Posted by Vision at 09:42 PM | Comments (0)
June 20, 2006
Color Blindness
What is Color Blindness?
Color blindness is a condition in which a person cannot distinguish color properly. There are several variations of color blindness and each one relates back to a problem with the functionality of the cells inside the retina that deal with processing light sensitivity. The rod cells are activated by low light while the cone cells are activated by daylight.
Color blindness results when one or more of the 3 cone systems is not functioning properly or at all. Some affected individuals are unable to detect any color and the life they see is monochrome. It's as if these individuals constantly view black and white movies. Called monochromacy, this is the rarest form of color defect. Dichromacy (red-green defects) of which there are 3 different types and anomalous trichromacy (blue-yellow) are more common.
Symptoms of Color Blindness
The main symptom of color blindness is an inability to distinguish and/or correctly identify colors, particularly reds and greens and blues and yellows.
Who is at risk?
In the majority of cases, color blindness is hereditary, something that runs in the family. However, color blindness can also develop as the result of damage to the optic nerve, the eye (specifically the retina) and even the brain. In a few instances, this eye condition has been traced back to chemical exposure including exposure to medicines and poisons.

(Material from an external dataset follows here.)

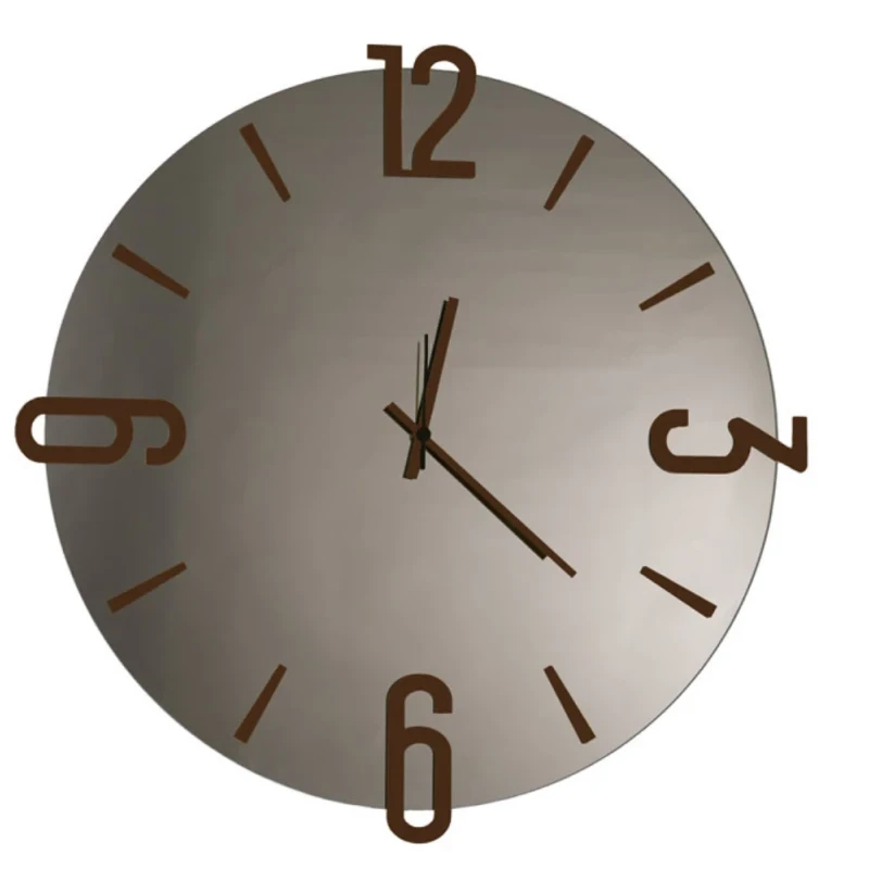 The Alfa Wall Clock in Copper Mirror and Corten Bronze by Ceart is a refined furnishing accessory that combines contemporary design and timeless elegance. The copper mirror frame, finished with a polished edge, enhances the light with warm metallic nuances, while the Corten bronze painted metal numbers and indices create a sophisticated contrast and strong visual impact. Available in 45 cm and 60 cm diameters, this wall clock fits perfectly into modern, minimalist, or industrial environments, enhancing living rooms, entryways, offices, or commercial spaces. The clean lines and reflective copper surface lend depth and luminosity, transforming the simple passage of time into a decorative element of pure Ceart design.

Interestingly, color blindness is more prevalent in men than women. Age is also a factor in partial color blindness. As the eyes ages, the lens tends to become darker which translates into images taking on a darker hue.
Early detection/treatment
Color blindness is very easy to detect with Pseudoisochromatic Plate tests. The plates contain colored dots, with the background dots being one color. Another dot color forms the image of a number. Someone with normal color vision will be able to distinguish the number whereas someone with a color defect cannot discern the pattern that has been created using the different colored dots.

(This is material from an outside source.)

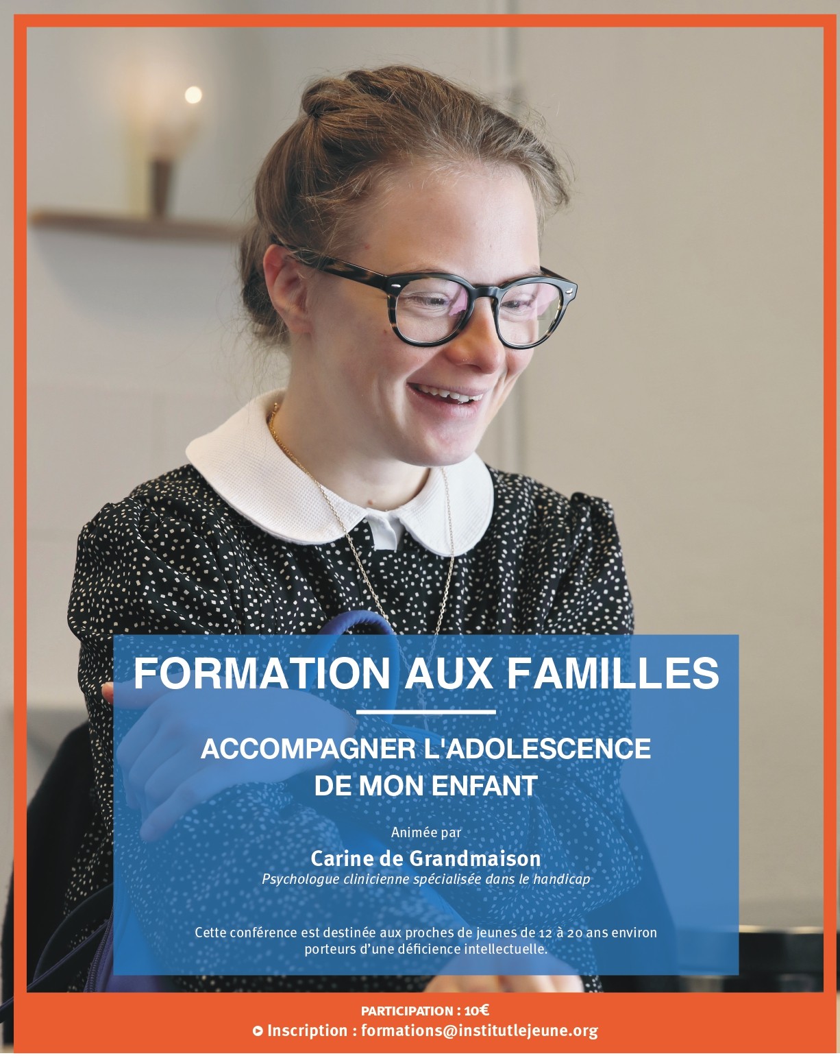 Mme de Grandmaison abordera les bouleversements psychiques spécifiques de cette période de la vie, les relations avec la famille, la fratrie, la confiance en soi et l'estime de soi, les difficultés propres au handicap, ... et ceci dans un cadre général.

Color blindness that is inherited cannot be 'cured' because pigments are lacking. In cases of acquired color blindness, vision may be corrected if the underlying problem can be treated.
Once the type of color blindness has been determined, an affected individual's only option is to rely on visual aids to help 'see' better. Specially-tinted contact lenses or glasses can help compensate for the inability to distinguish certain colors, but cannot restore 'normal' color capacity.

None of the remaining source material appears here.